Session 1: Introduction to Computing Clusters and Bioinformatics

Topics Covered

  • Introduction to Available Computing Clusters
  • Cluster How-Tos: Connect, Transfer Files/Share Data
  • Basic Linux/UNIX commands (e.g. bash scripts, submitting and monitoring jobs)
  • Common bioinformatics formats and tools (e.g. FASTQ, BAM, VCF, BED, and GFF; samtools, bcftools, bedtools, and maftools)

Practical

  • Connect to Biowulf by SSH
  • Basic linux commands
  • Submit interactive jobs
  • Samtools: Read BAM file, get all aligned reads, index, stats
  • Bedtools: merge/intersect
  • Visualize results on UCSC

In this first session we will introduce the basics of working with Biowulf and CCAD including connecting to, working with, and transferring files from both clusters.

Both Biowulf and the CCAD cluster are accessed remotely via the linux command line, therefore some command line knowledge is necessary to work with either.

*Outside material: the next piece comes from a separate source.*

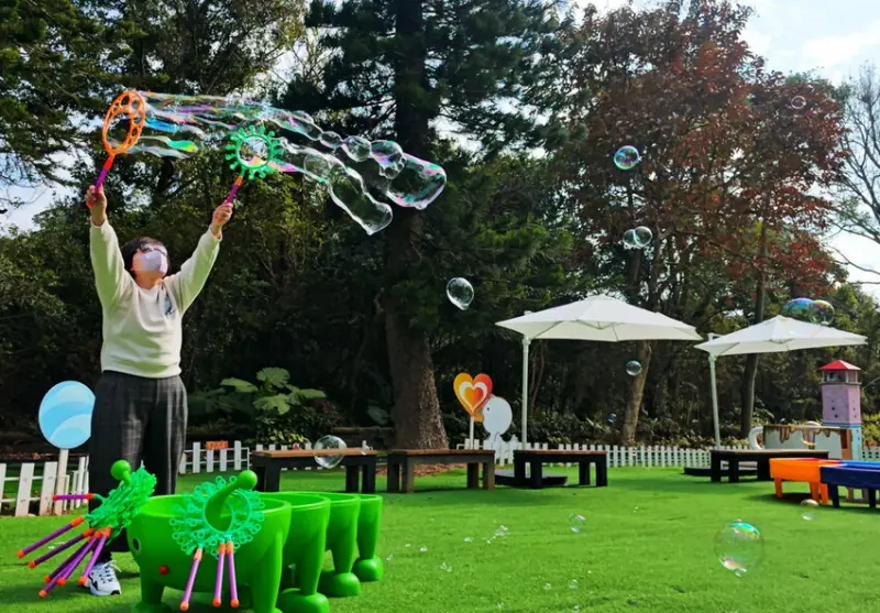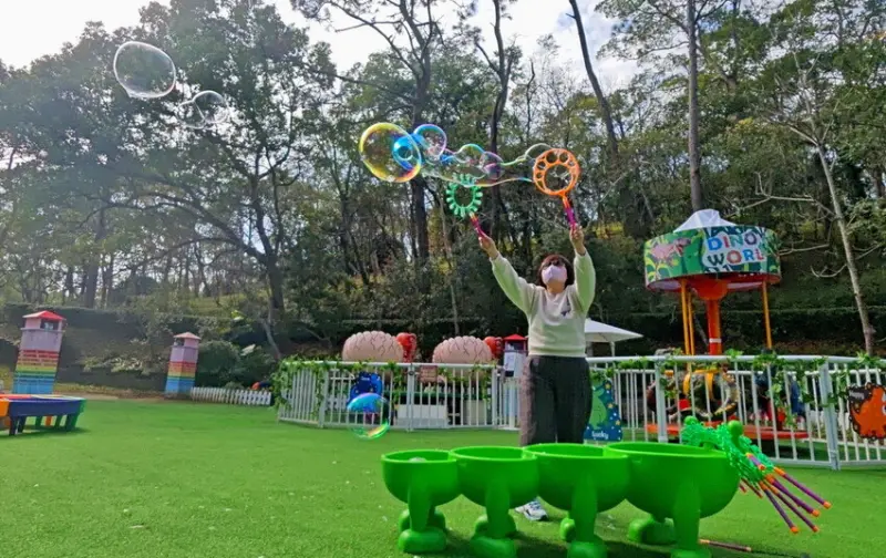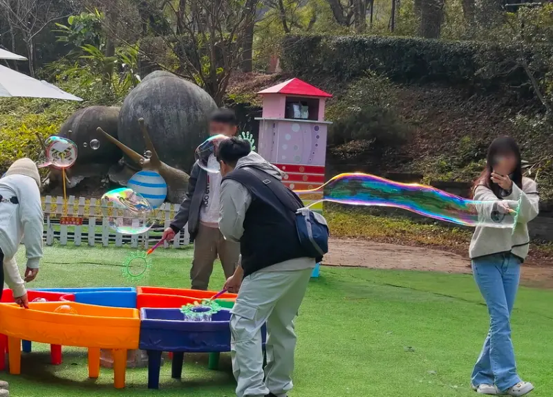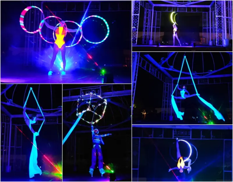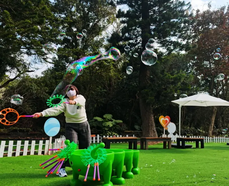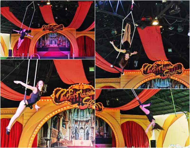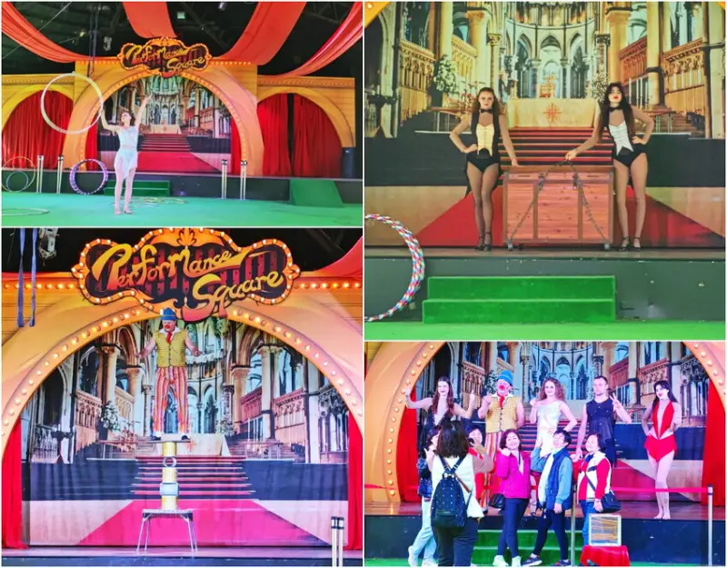 有魔術表演、呼拉圈舞、小丑跟大家互動、彩帶鞦韆……等,表演結束後還可以跟表演這一起拍照合影。

We will cover the basics of linux and shell scripting in the lecture and provide resources for further education. Finally, we will provide an overview of the most common file formats for storing bioinformatics data as well as the tools for working with them.

In the practical section we will practice connecting to Biowulf and the basics of using the linux command line. We will also work with fastq, bam, and bed files to perform some common tasks including subsetting unaligned and aligned sequencing reads, and intersecting and visualizing bed files.